More specifically, the California Chapter of the National Federation of Independent Businesses (NFIB) projected the potential negative effects of raising minimum wage rates with the recently approved legislation. They estimated that it would shrink the California economy by $5.7 billion in the next ten years and result in as many as 68,000 jobs being cut from the state. They estimated further that 63 percent of the estimated 68,000 jobs lost would be from small businesses that could no longer afford to pay their employees. In addition to the NFIB report, the California State Chamber of Commerce called the bill a “job killer,” and the California Restaurant Association called the measure “a blow to small business.” Years of economic data show that they are indeed correct.

Further, a new study from economists at Texas A&M University reveals that the worst cost of raising minimum wages doesn’t come from a decrease in current employment but actually is a decrease in future employment. The study finds that because labor is more expensive, businesses have a rising incentive to invest in labor-saving technology over hiring low-skilled workers. Therefore, the real effect of raising the minimum wage should be measured not only in an uptick in unemployment figures but lackluster overall job growth over time compared to what it could have been.

These dire predictions do not bode well for the already struggling California economy. The state’s unfunded pension liability is estimated to be as high as $640 billion. Pushing more business out of the state and citizens into unemployment will lower tax revenue, swelling the states already deep budget crisis. Small businesses in California that file taxes through the personal income tax code (pass-through entities) face the highest state-level personal income tax rate in the nation (13.3 percent); combined with the top federal rate and other taxes, their total tax liability can be as high as 51.8 percent for sole proprietorships or 48.8 percent for S-Corporations. Large businesses in California face strict environmental restrictions and must pay the U.S. corporate income tax rate of almost 40 percent (in addition to the state corporate income and property taxes), the highest in the world since Japan lowered their corporate income tax.
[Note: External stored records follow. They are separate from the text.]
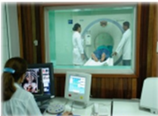
Figura 14. Equipo de Tomografía Axial Computarizada.

multicorte, resonancia magnética por imágenes (RMI), densitómetro, mamografía, intensificador de imágenes, ultrasonidos y equipos convencionales para estudios simples y contrastados. (Figura 14, 15 y 16).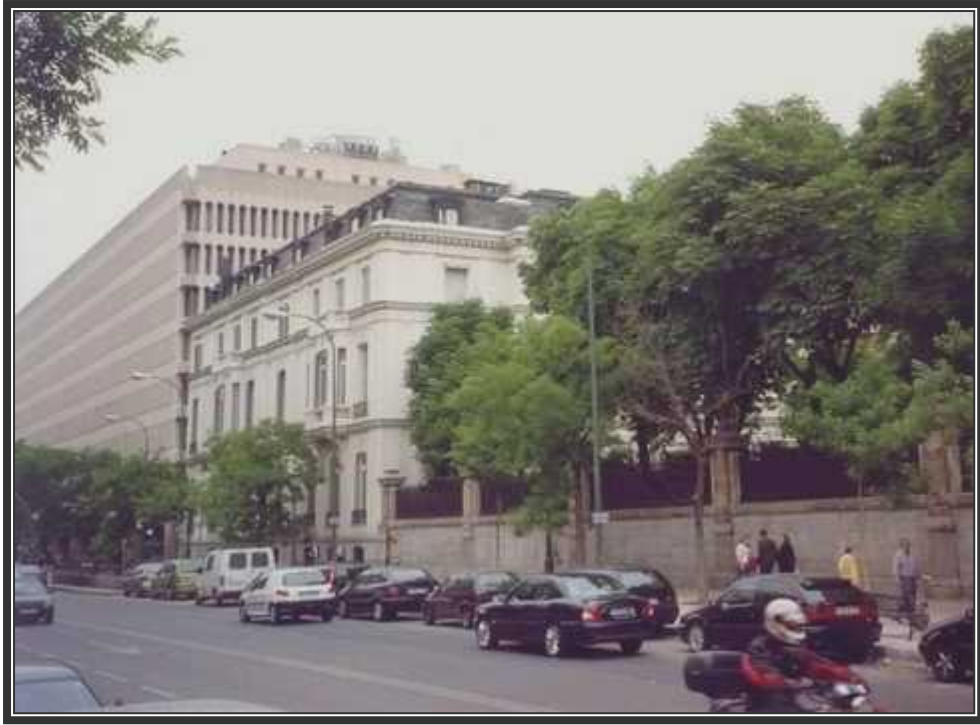
En primer plano los jardines y el Palacio de don Juan March, al fondo el edificio de la Fundación Juan March.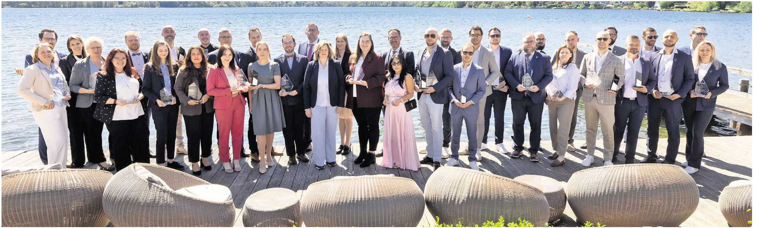
Schmelzer Hörsysteme wurde mit dem „The Secret Hearing Expert Award“ und dem „The Secret Unternehmer Award“ ausgezeichnet.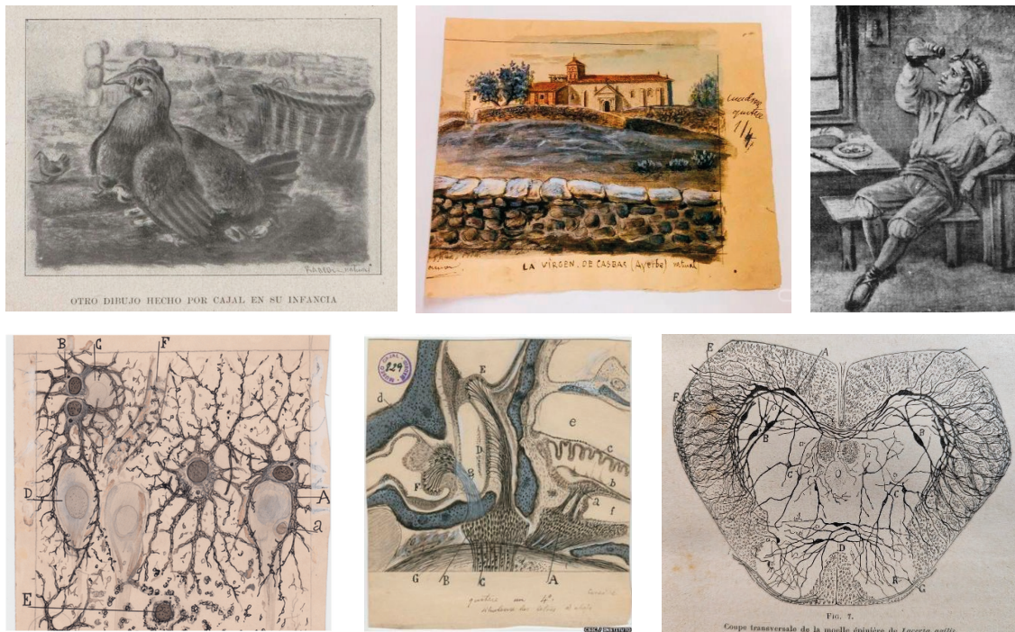
Figura 6. El dibujo fue la pasión permanente de Cajal. Algunos dibujos de su juventud (sup.) y algunas de sus representaciones científicas (inf.): astrocitos en el hipocampo del cerebro humano (Izqda.); laberinto del oído interno (centro); corte transversal de la médula espinal de Lacerta agilis (Dcha).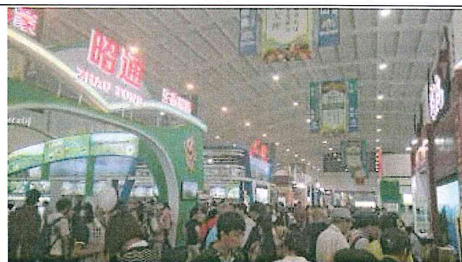
2017 南亞博覽會-中國國內館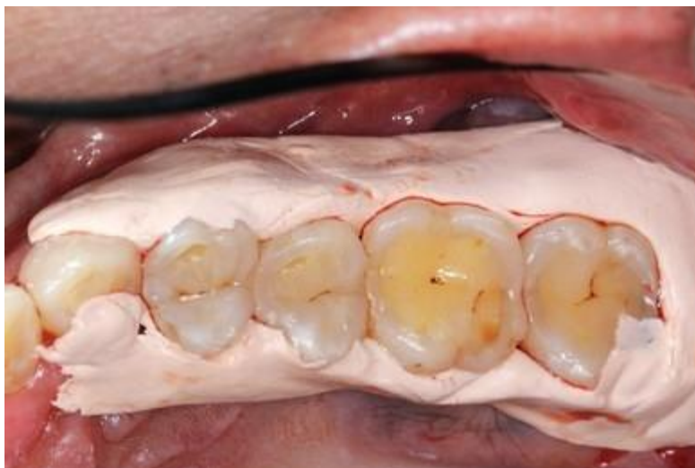
Рис.3. Клінічний вигляд після накладання пародонтальної пов'язки

Також пародонтальні пов'язки можуть використовуватися в якості носіїв антибактеріальних середників, на зразок хлоргексидину. Останній може бути включений в структуру пов'язок у формі гелю чи порошку. Інкorporація в структуру пов'язок антибіотиків та бактеріостатичних середників в окремих випадках може бути асоційовано із ризиком розвитку кандидозу. Однак у окремих випадках, як наприклад, після некротизуючо-виразкового гінгівіту пародонтальні пов'язки можуть бути ефективно використані як носії антибактеріальних середників. Для модифікації імунних реакцій в склад пародонтальних пов'язок можуть бути включені препарати на основі стероїдів. З метою досягнення обезболюючого ефекту у структуру пов'язок можуть бути також додані різні анальгетики, хоча ефективність таких є дискусійною. Також в пов'язки можуть бути додані похідні фенолу (як, наприклад, олія бергамоту), які сприяють загоєнню раневої поверхні.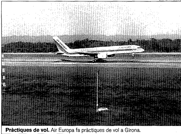
Pràctiques de vol. Air Europa fa pràctiques de vol a Girona.

Fonts de la Diputació han informat que «hem mantingut converses amb directius de la companyia Air Europa, que s'ha compromès a fer un estudi de viabilitat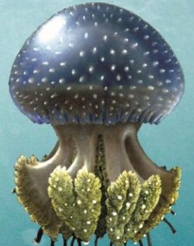
■ PHYLLORHIZA 30-60 cm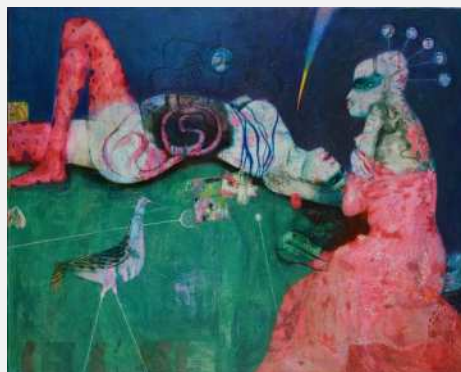
佐々木豊 悪い夢 1974年、当館蔵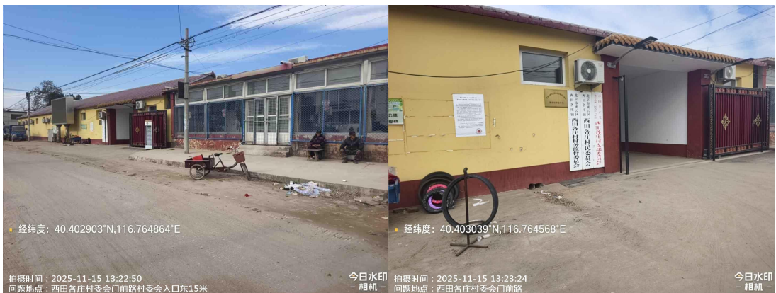
东沟村中心路(良好)T10:22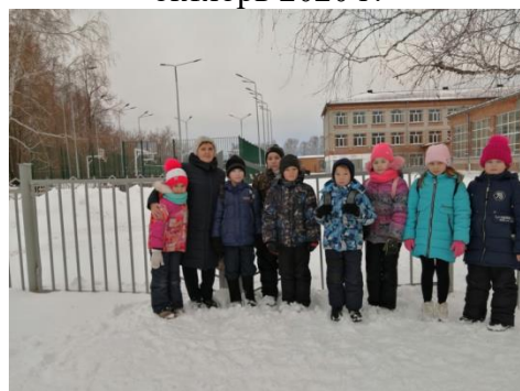
Рис. 4 Идем на экскурсию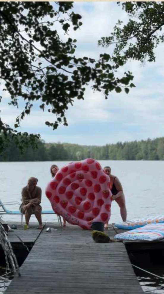
Kapitalistisika: Paratiisi / Paradise

Piennaalissa taidetta ei synnytetty tyhjästä, vaan osallistujat saattoivat tarttua erilaisiin tehtävänantoihin kolmesta pääkategoriasta: visuaalinen taide ,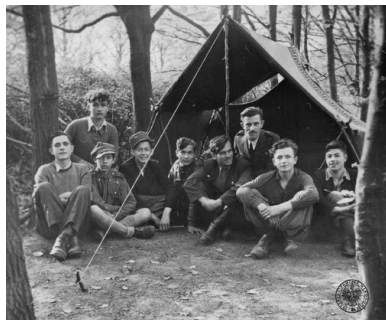
Grupa harcerzy ZHP przed namiotem, 1947.

1946 r. skierowano do pracy w ZHP hm. Pelagię Lewińską, już przed wojną związaną z ruchem komunistycznym. Podjęła się ona zadania opanowania i przebudowy ideologicznej harcerstwa. Do pracy zaangażowano także Główny Zarząd Polityczno-Wychowawczy Wojska Polskiego, który akcją letnią ZHP w 1947 r. objął „opieką polityczną”.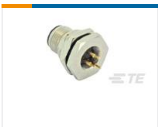
TE 产品编号1838893-1 M12 Mtl MALE PNL CONN. Sldr Re

All of these obstacles to economic growth have had the unsurprising result of draining human capital out California and into the open arms of Texas, Nevada, and Arizona; all states with lower taxes on investment, work, and capital. Over the past ten years, California, the state that has beaches, mountains, and a delightful climate, has lost over 1.5 million taxpayers on net. The drain of human capital out of California resulted in 2010 becoming first census since California achieved statehood in which it did not gain a single congressional seat. Texas, on the other hand, gained four congressional seats in 2010.

Unfortunately for California’s residents, raising the minimum wage simply will not help those they wish to help. Wages for some will indeed go up, but this will be at the cost of making the wages for many others $0 per hour from the inability to find work. Achieving real economic growth and expanding economic opportunity for all citizens is the best way to lift people out of poverty and into a thriving middle class.

As the New York Times editorial board concluded, “The idea of using a minimum wage to overcome poverty is old, honorable – and fundamentally flawed. It’s time to put this hoary debate behind us, and find a better way to improve the lives of people who work very hard for very little.” Perhaps that better way is growing the economic pie for everyone rather than making it more difficult for businesses to hire employees and for workers to find employment in the first place.